- **PROBLEM STATEMENT**
Restate word for word the lines of the records below, starting at the line that contains "広田 トさんの総格は22画の1点!" and ending at the line that contains "Потолочная светодиодная люстра", with both of those lines included and nothing else.

- **GIVEN RECORDS**

----------

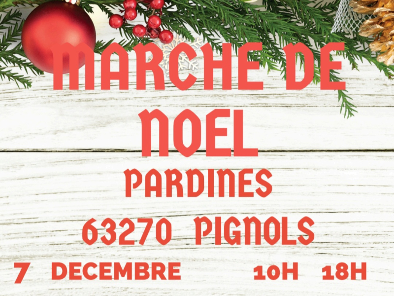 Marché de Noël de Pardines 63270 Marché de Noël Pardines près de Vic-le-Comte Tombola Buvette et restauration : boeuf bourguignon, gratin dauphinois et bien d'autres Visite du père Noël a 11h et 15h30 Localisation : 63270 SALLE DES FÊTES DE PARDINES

----------

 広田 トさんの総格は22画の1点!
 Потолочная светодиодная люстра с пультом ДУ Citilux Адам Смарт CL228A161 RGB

----------

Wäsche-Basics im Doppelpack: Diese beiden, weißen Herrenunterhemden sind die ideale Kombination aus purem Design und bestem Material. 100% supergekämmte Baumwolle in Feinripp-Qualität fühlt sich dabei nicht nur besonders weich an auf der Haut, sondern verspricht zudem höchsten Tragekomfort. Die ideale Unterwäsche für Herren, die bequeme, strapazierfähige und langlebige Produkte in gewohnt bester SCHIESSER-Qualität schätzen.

----------

- **RESPONSE TO THE TASK**
 広田 トさんの総格は22画の1点!
 Потолочная светодиодная люстра с пультом ДУ Citilux Адам Смарт CL228A161 RGB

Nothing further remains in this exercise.